Triffin next argues that the trial judge abused his discretion by dismissing his complaint with prejudice. He maintains that his failure to comply with the April 3 and May 1 discovery orders in a timely manner is not an appropriate basis for dismissal of the complaint with prejudice, inasmuch as he had complied by the time the judge heard the motion for sanctions.

The judge dismissed with prejudice pursuant to Rule 4:23-2(b)(3) and Rule 4:37-2(a), which provide that dismissal with or without prejudice is available as a sanction for failure to comply with an order to provide or permit discovery. Although dismissal of plaintiff's claim is a permissible sanction for failure to comply with a discovery order, we have deemed it "the last and least favorable option." Il Grande v. DiBenedetto, 366 N.J. Super. 597, 624 (App. Div. 2004). "[T]he sanction of dismissal with prejudice for a procedural violation must be a recourse of last resort," and the judge should "first explore the availability of lesser sanctions under Rule 4:23-1." Conrad v. Michelle & John, Inc., 394 N.J. Super. 1, 11 (App. Div. 2007).

Here, the motion judge's order did not articulate any reason for the dismissal with prejudice other than Triffin's violation of the discovery orders, nor did the judge "explore the availability of lesser sanctions." Ibid. Our review of the record suggests that a lesser sanction, including an award of counsel fees, would have been more appropriate. We therefore reverse the dismissal with prejudice and remand the case for further proceedings consistent with this opinion.*fn4

Lastly, Triffin argues that the motion judge abused his discretion by awarding counsel fees as a sanction without providing any reasons, including an analysis of the factors set forth in Rule of Professional Conduct 1.5(a). Our review of the record convinces us that Triffin's repeated violations of the orders entered by Judge Goldman and the judge in this case warranted an award of counsel fees by way of sanction. Nevertheless, we cannot review the quantum of the award without the required articulation of how it was calculated. Rule of Professional Conduct 1.5(a) requires an award of attorney's fees to be "reasonable," and sets forth the following "factors to be considered in determining the reasonableness of a fee":

(1) the time and labor required, the novelty and difficulty of the questions involved, and the skill requisite to perform the legal service properly;

(2) the likelihood, if apparent to the client, that the acceptance of the particular employment will preclude other employment by the lawyer;

(3) the fee customarily charged in the locality for similar legal services;

(4) the amount involved and the results obtained;

(5) the time limitations imposed by the client or by the circumstances;

(6) the nature and length of the professional relationship with the client;

(7) the experience, reputation, and ability of the lawyer or lawyers performing the services;

(8) whether the fee is fixed or contingent. [R.P.C. 1.5(a).]
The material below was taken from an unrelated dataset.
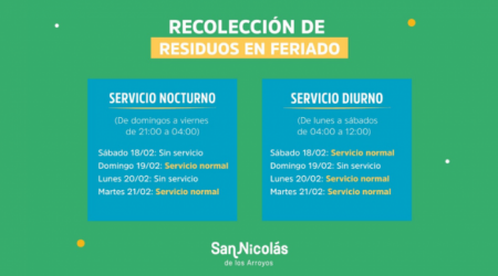 Debido al feriado por Carnaval los días lunes 20 y martes 21 de febrero, habrá cambios en el servicio de recolección de residuos que realiza la empresa ENTRE.

After analyzing the applicable factors, the trial judge "then must state its reasons on the record for awarding a particular fee." Furst v. Einstein Moomjy, Inc., 182 N.J. 1, 21 (2004) (citing Rule 1:7-4(a)). See also 4:42-9(b).

The motion judge failed to articulate his basis for calculating the counsel fees awarded to Capital One. "'The absence of adequate findings . . . necessitates a reversal.'" Strahan v. Strahan, 402 N.J. Super. 298, 310 (App. Div. 2008)(alteration in original) (quoting Heinl v. Heinl, 287 N.J. Super. 337, 347 (App. Div. 1996)). We therefore remand to the motion judge for an analysis of the applicable factors and articulation of the basis of his award of fees and costs to Capital One.

Affirmed in part, reversed in part and remanded for further proceedings consistent with this opinion. We do not retain jurisdiction.